■ Material shown ■
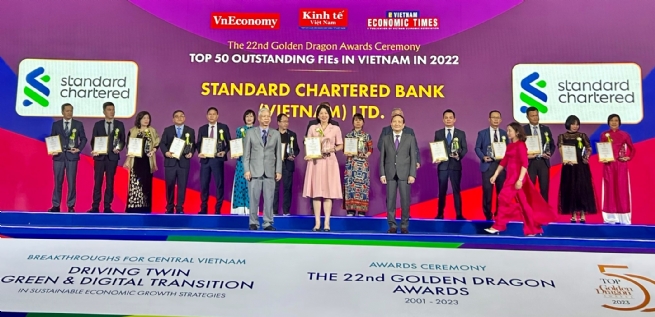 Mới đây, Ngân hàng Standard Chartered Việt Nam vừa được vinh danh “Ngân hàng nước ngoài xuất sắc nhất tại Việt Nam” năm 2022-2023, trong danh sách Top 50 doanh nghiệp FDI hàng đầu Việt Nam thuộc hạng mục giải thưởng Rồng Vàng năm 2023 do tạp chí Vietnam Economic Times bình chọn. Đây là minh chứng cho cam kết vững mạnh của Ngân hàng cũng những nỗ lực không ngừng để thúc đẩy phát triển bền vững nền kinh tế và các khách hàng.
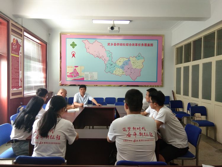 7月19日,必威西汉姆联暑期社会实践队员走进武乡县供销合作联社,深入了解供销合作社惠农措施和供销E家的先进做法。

...

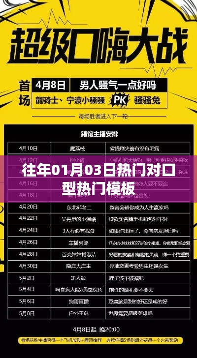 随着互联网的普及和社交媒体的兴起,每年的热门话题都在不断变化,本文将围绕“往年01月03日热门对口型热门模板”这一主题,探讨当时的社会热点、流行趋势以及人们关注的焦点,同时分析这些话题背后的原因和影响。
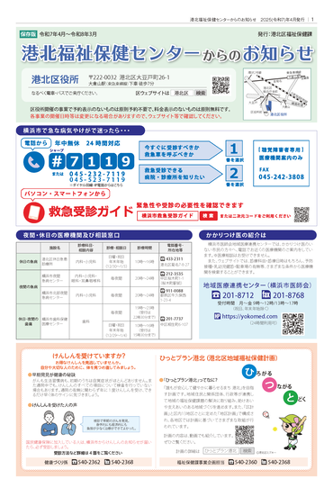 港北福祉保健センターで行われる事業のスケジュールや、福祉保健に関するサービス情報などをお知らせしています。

■ What you should do ■
Exact copy, no pictures. Write out the lines in the entries above, starting with the line with "Mới đây, Ngân" and going on through the line with "7月19日,必威西汉姆联暑期", keeping both.

■ The answer ■
 Mới đây, Ngân hàng Standard Chartered Việt Nam vừa được vinh danh “Ngân hàng nước ngoài xuất sắc nhất tại Việt Nam” năm 2022-2023, trong danh sách Top 50 doanh nghiệp FDI hàng đầu Việt Nam thuộc hạng mục giải thưởng Rồng Vàng năm 2023 do tạp chí Vietnam Economic Times bình chọn. Đây là minh chứng cho cam kết vững mạnh của Ngân hàng cũng những nỗ lực không ngừng để thúc đẩy phát triển bền vững nền kinh tế và các khách hàng.
 7月19日,必威西汉姆联暑期社会实践队员走进武乡县供销合作联社,深入了解供销合作社惠农措施和供销E家的先进做法。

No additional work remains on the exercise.